## ACTIVITY
The part below that opens with the line containing "Photograph of a" and closes with the line containing "NR568 Final Exam" should be copied exactly, minus any pictures.

[[ DATA IN THIS EXERCISE open ]]

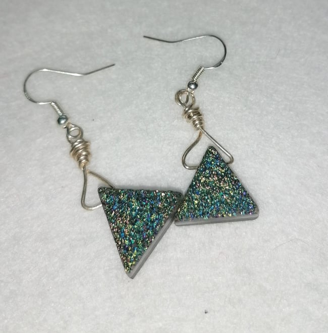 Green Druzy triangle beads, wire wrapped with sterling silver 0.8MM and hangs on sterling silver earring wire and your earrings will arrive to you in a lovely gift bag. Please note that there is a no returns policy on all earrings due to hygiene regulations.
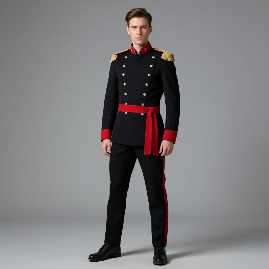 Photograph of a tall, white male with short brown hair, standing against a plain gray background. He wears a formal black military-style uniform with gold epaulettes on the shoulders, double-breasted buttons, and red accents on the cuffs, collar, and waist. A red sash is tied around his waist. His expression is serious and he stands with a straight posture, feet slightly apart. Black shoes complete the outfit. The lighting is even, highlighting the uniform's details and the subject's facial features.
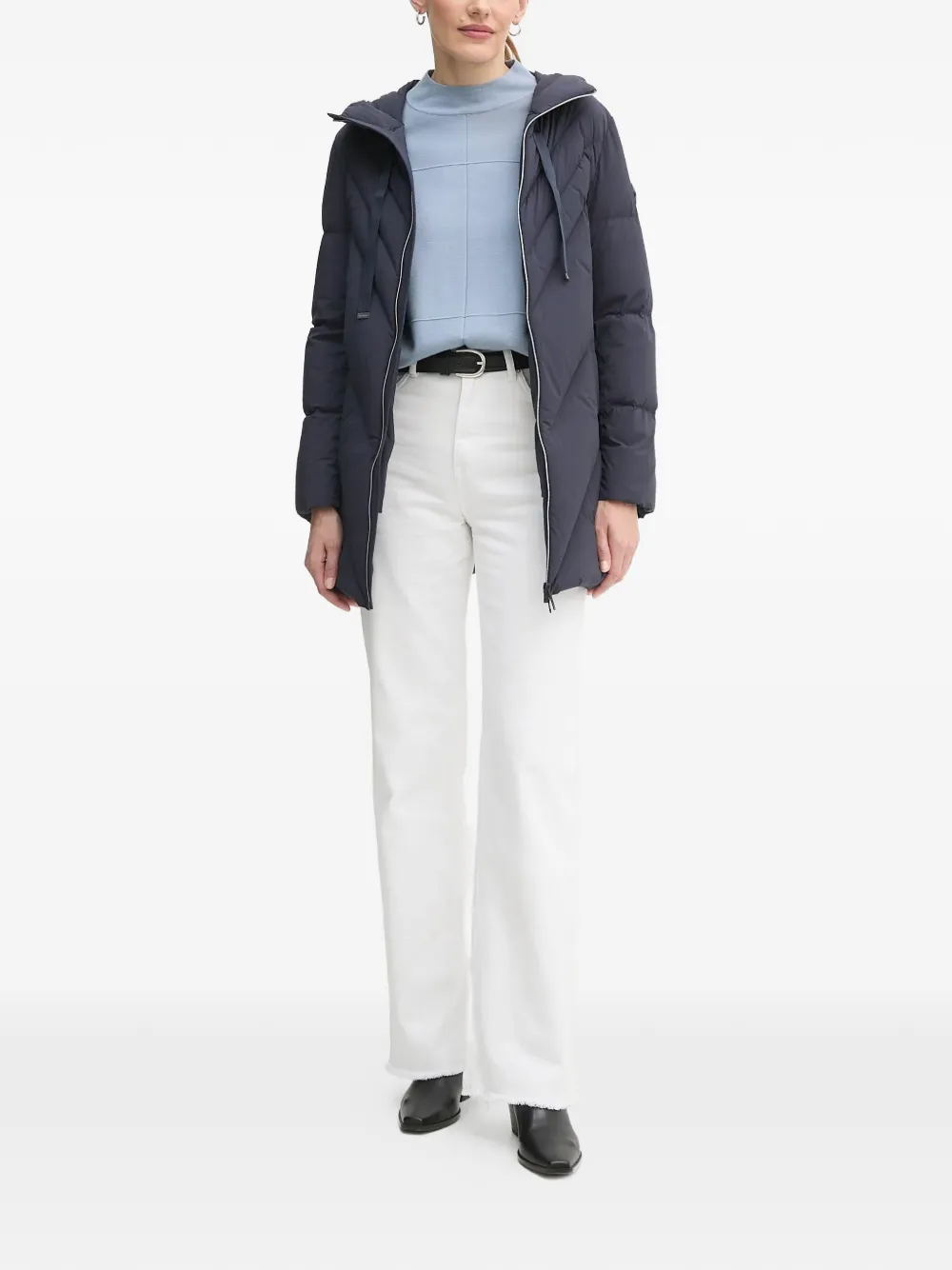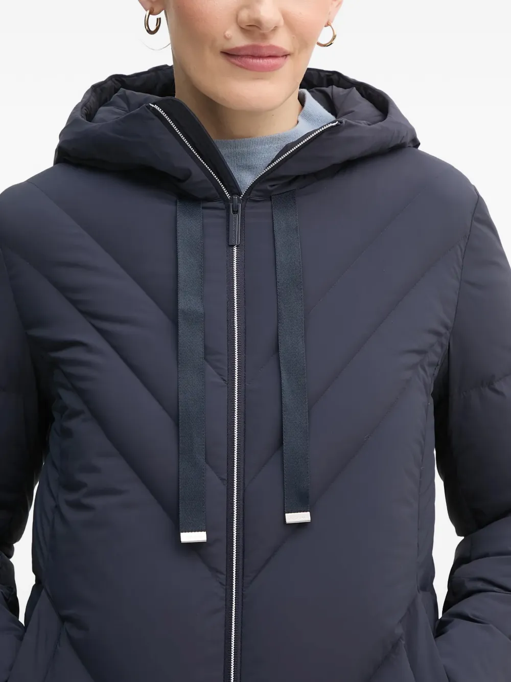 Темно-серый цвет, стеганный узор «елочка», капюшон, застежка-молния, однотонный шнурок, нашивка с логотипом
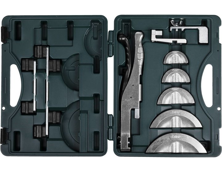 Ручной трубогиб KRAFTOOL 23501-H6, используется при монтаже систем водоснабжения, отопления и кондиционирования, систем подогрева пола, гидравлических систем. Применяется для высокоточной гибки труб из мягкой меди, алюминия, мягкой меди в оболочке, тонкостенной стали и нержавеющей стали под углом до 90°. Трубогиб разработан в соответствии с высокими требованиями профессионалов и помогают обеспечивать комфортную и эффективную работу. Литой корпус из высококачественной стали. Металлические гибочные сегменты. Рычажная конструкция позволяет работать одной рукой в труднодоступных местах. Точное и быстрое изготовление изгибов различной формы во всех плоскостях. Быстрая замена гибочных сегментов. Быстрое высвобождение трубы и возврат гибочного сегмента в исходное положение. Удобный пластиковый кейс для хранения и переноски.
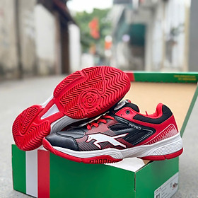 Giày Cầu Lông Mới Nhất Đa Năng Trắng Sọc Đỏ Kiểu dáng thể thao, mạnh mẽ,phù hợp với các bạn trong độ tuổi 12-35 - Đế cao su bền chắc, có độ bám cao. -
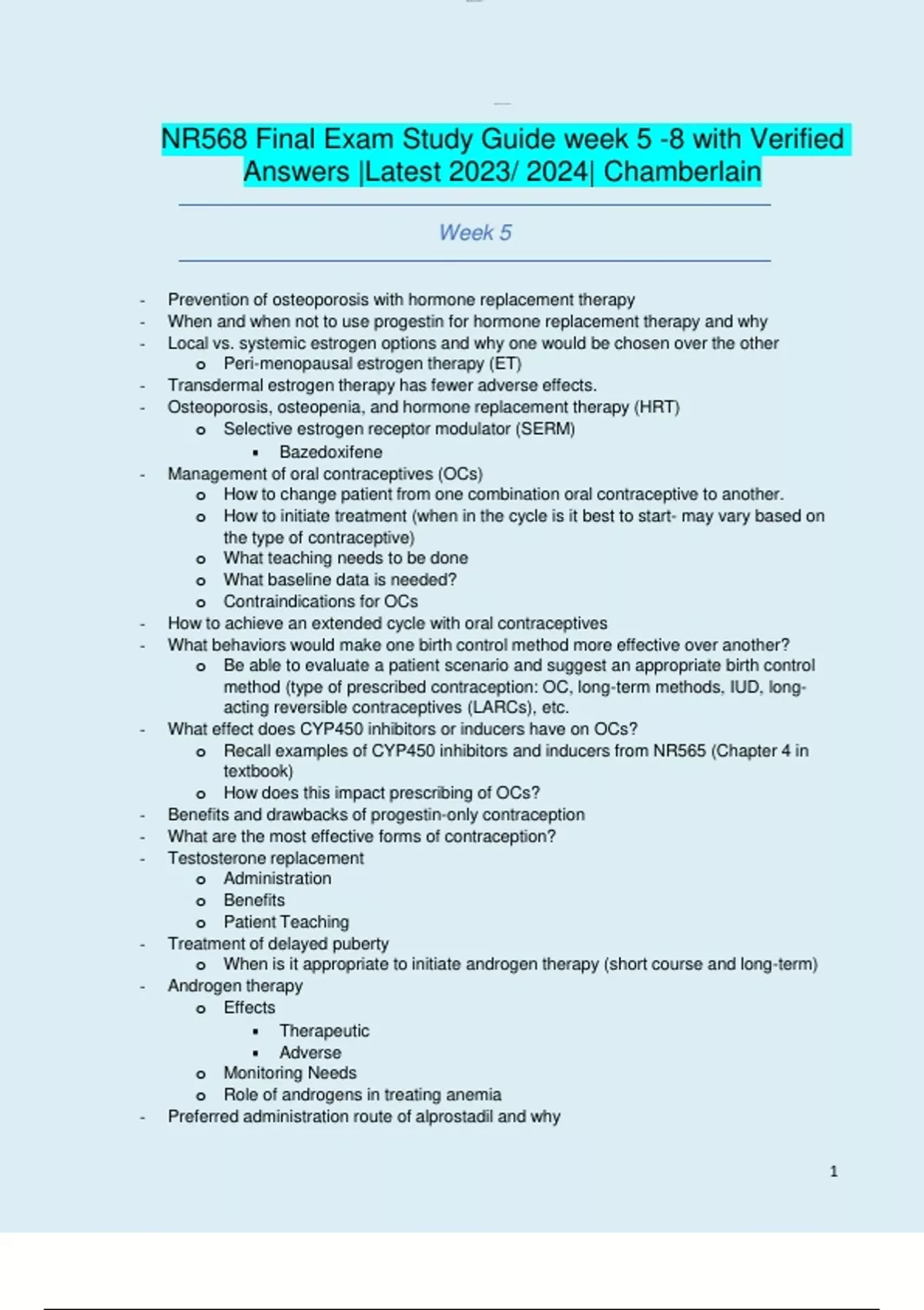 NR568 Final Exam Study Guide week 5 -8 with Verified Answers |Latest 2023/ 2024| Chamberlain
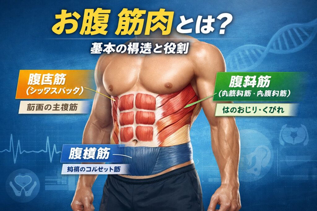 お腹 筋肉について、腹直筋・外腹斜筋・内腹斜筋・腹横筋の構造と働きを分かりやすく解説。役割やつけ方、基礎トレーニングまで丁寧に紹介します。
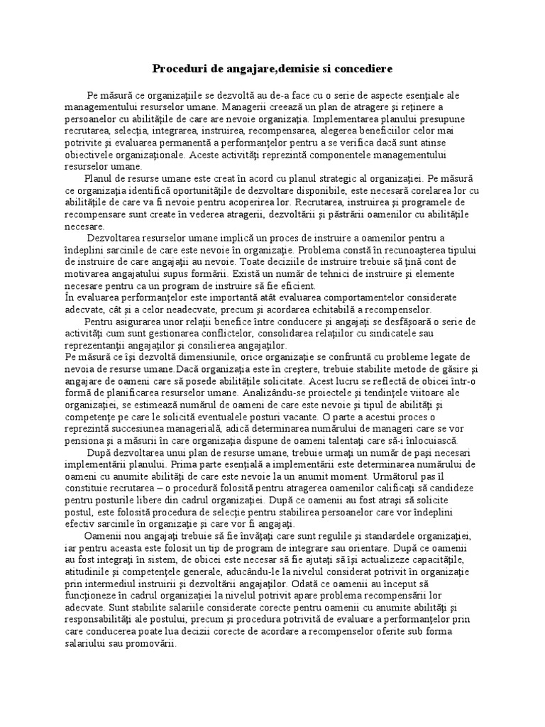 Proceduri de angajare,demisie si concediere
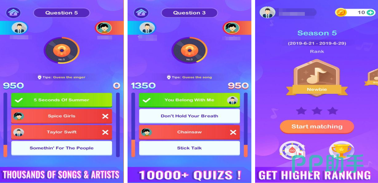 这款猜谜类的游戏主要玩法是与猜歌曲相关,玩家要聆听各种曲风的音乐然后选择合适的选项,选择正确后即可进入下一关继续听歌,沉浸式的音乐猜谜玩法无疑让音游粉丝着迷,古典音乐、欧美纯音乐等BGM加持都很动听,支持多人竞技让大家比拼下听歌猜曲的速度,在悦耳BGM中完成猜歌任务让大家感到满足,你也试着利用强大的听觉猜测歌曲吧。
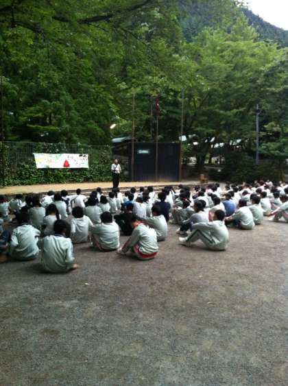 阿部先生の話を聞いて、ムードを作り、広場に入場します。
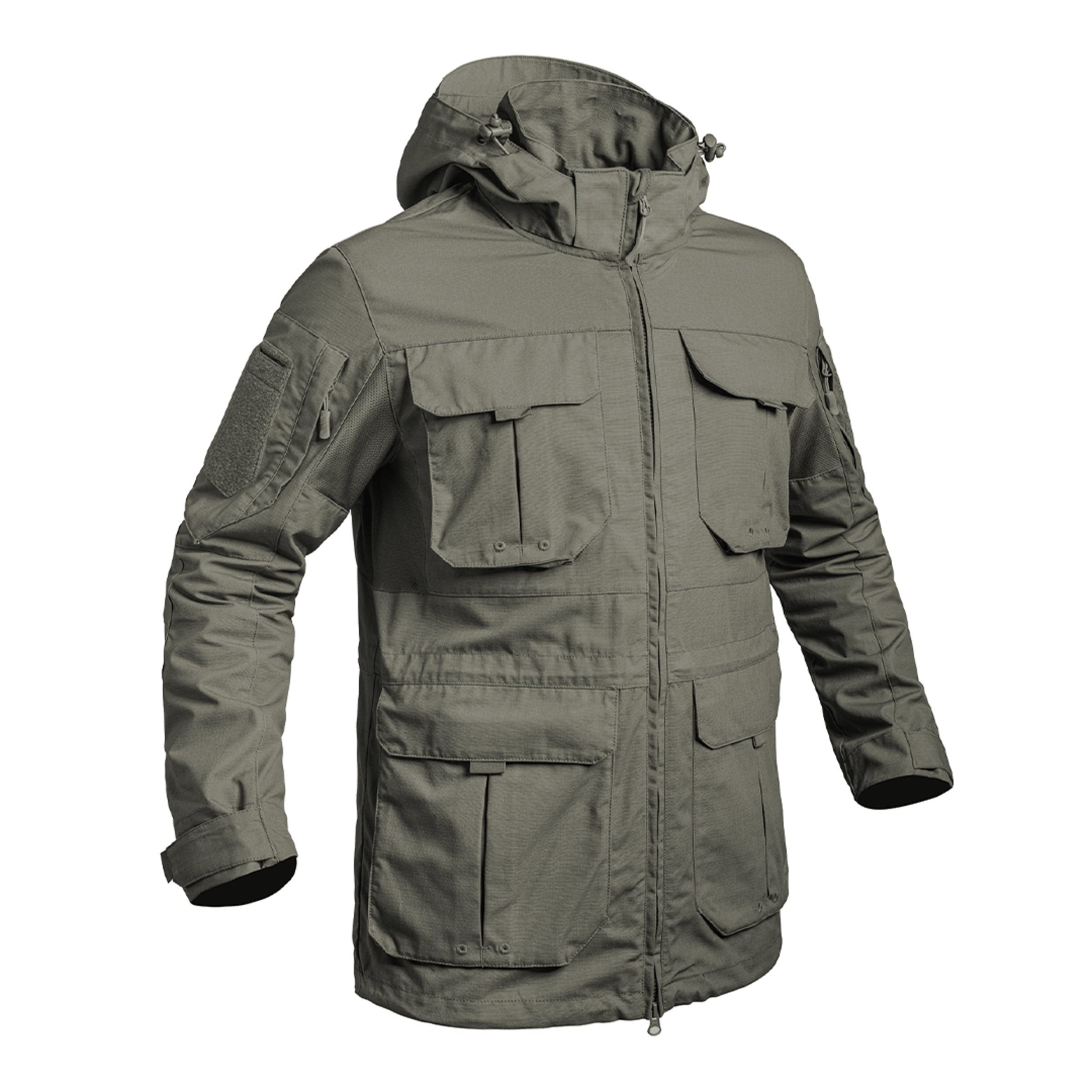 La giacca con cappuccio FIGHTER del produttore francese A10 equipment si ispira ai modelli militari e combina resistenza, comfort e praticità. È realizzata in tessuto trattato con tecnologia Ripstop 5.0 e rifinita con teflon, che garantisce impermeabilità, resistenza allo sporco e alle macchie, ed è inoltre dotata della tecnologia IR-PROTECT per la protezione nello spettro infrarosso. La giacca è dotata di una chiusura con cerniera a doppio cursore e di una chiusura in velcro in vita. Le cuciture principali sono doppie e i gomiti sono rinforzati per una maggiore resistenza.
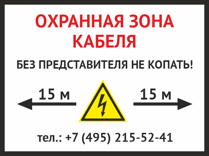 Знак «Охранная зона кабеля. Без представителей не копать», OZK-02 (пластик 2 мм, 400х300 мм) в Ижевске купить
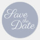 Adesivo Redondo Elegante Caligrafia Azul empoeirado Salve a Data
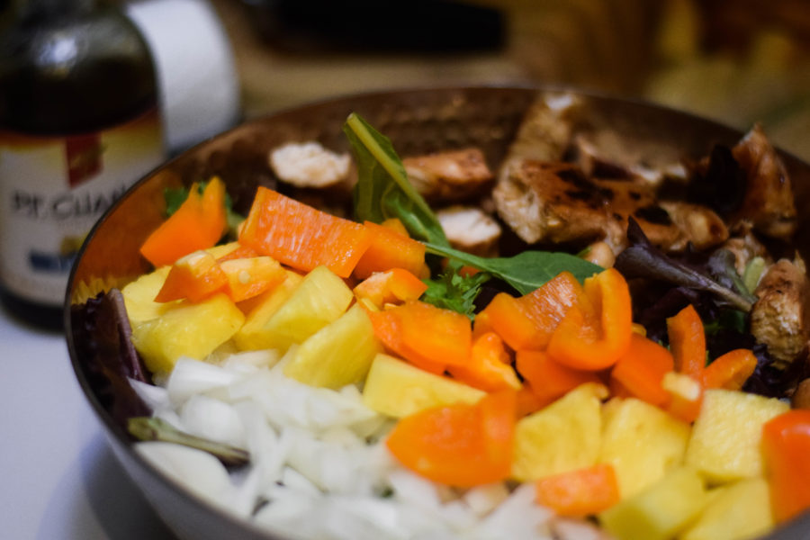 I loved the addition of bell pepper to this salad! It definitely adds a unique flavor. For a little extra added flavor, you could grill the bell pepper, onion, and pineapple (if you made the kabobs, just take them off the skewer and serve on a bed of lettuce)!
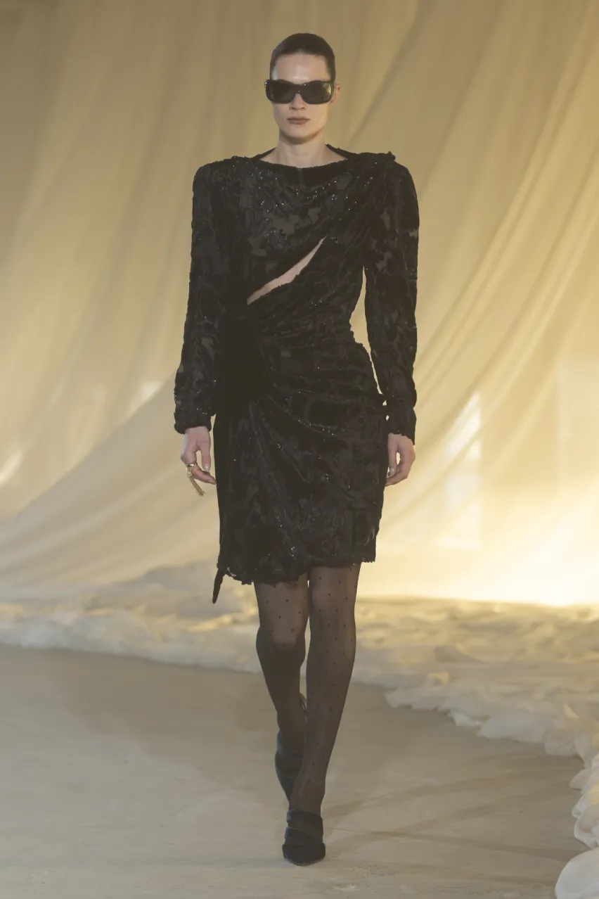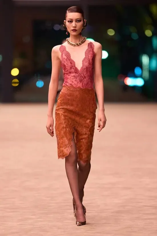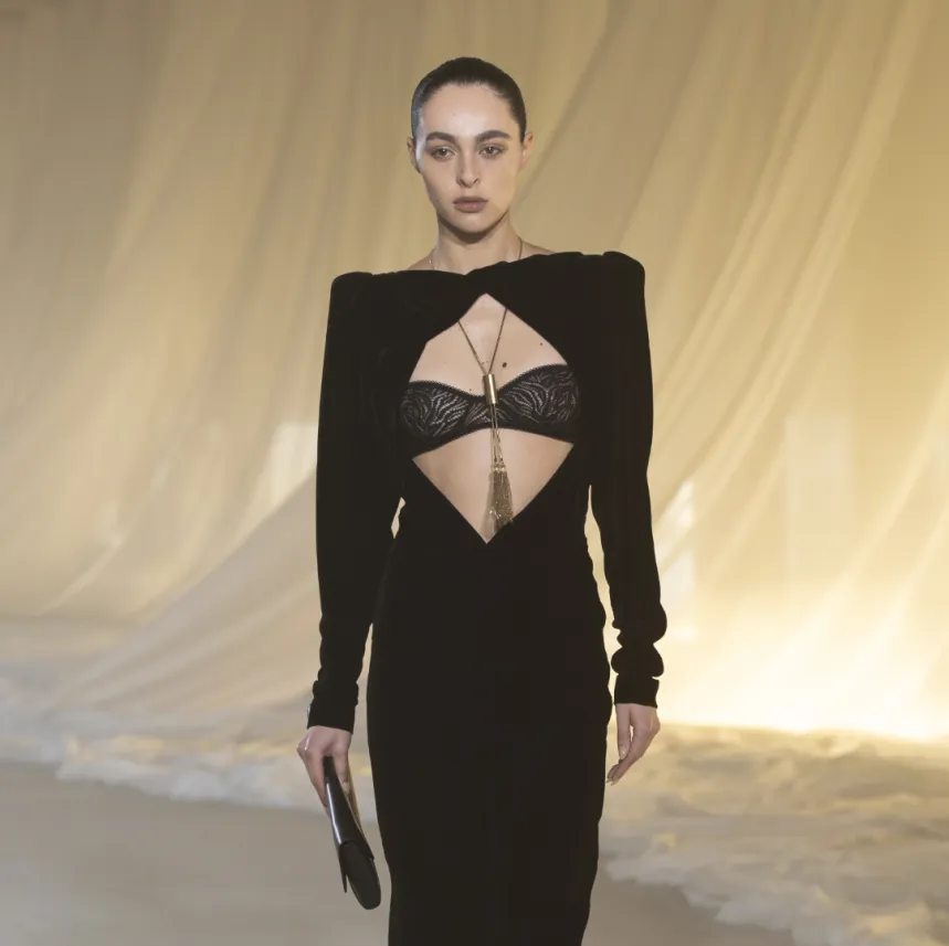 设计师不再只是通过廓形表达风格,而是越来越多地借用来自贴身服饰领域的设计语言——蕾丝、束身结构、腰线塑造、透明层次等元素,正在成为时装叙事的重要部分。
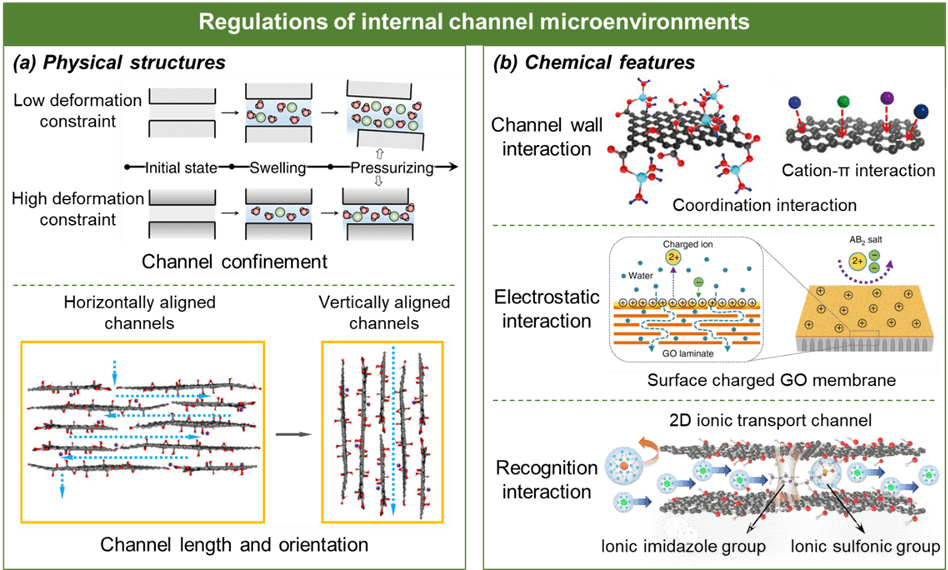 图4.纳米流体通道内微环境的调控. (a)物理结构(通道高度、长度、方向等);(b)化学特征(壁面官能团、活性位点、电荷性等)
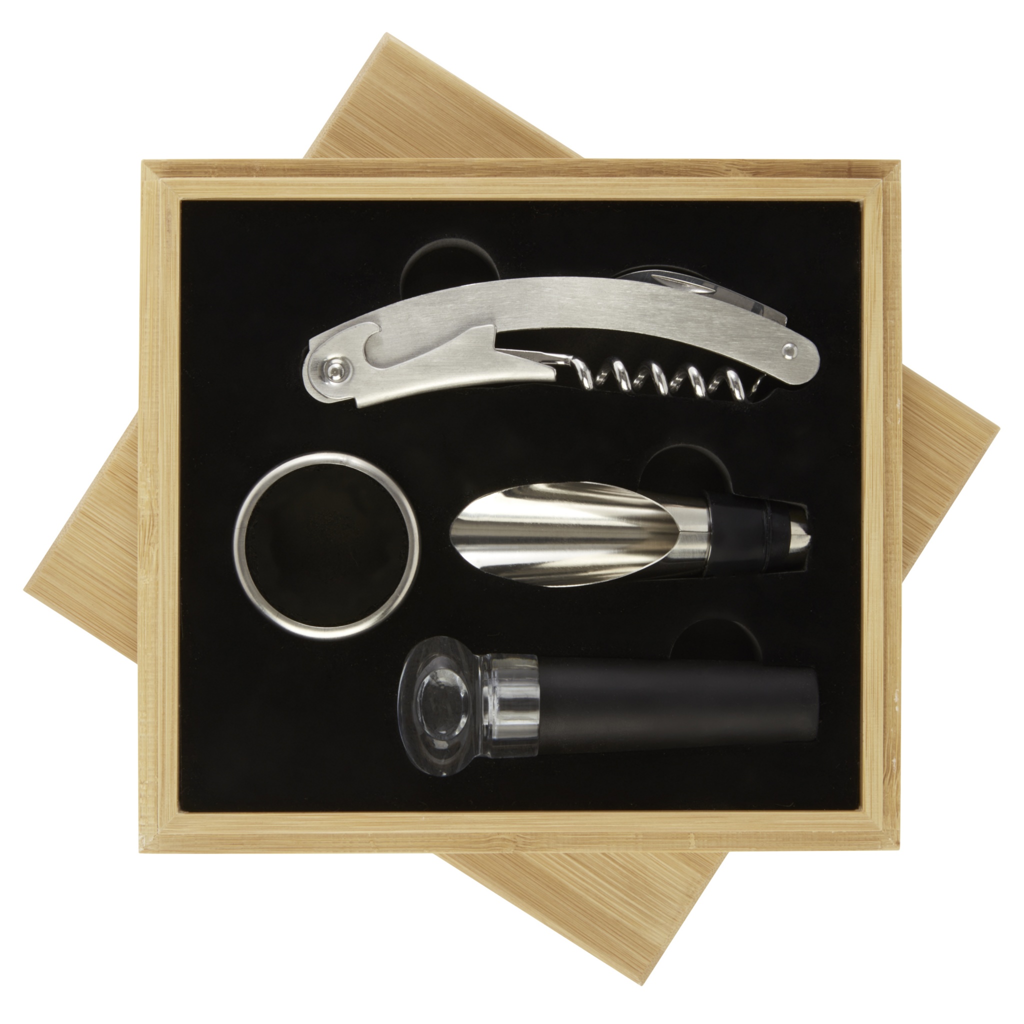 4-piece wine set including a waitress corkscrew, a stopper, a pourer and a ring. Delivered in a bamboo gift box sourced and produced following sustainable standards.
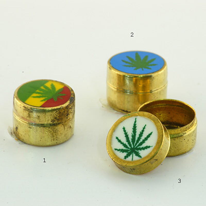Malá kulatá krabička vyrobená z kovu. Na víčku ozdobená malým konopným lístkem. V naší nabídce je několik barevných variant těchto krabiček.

[[ DATA IN THIS EXERCISE closed ]]

## TASK RESPONSE
 Photograph of a tall, white male with short brown hair, standing against a plain gray background. He wears a formal black military-style uniform with gold epaulettes on the shoulders, double-breasted buttons, and red accents on the cuffs, collar, and waist. A red sash is tied around his waist. His expression is serious and he stands with a straight posture, feet slightly apart. Black shoes complete the outfit. The lighting is even, highlighting the uniform's details and the subject's facial features.
 Темно-серый цвет, стеганный узор «елочка», капюшон, застежка-молния, однотонный шнурок, нашивка с логотипом
 Ручной трубогиб KRAFTOOL 23501-H6, используется при монтаже систем водоснабжения, отопления и кондиционирования, систем подогрева пола, гидравлических систем. Применяется для высокоточной гибки труб из мягкой меди, алюминия, мягкой меди в оболочке, тонкостенной стали и нержавеющей стали под углом до 90°. Трубогиб разработан в соответствии с высокими требованиями профессионалов и помогают обеспечивать комфортную и эффективную работу. Литой корпус из высококачественной стали. Металлические гибочные сегменты. Рычажная конструкция позволяет работать одной рукой в труднодоступных местах. Точное и быстрое изготовление изгибов различной формы во всех плоскостях. Быстрая замена гибочных сегментов. Быстрое высвобождение трубы и возврат гибочного сегмента в исходное положение. Удобный пластиковый кейс для хранения и переноски.
 Giày Cầu Lông Mới Nhất Đa Năng Trắng Sọc Đỏ Kiểu dáng thể thao, mạnh mẽ,phù hợp với các bạn trong độ tuổi 12-35 - Đế cao su bền chắc, có độ bám cao. -
 NR568 Final Exam Study Guide week 5 -8 with Verified Answers |Latest 2023/ 2024| Chamberlain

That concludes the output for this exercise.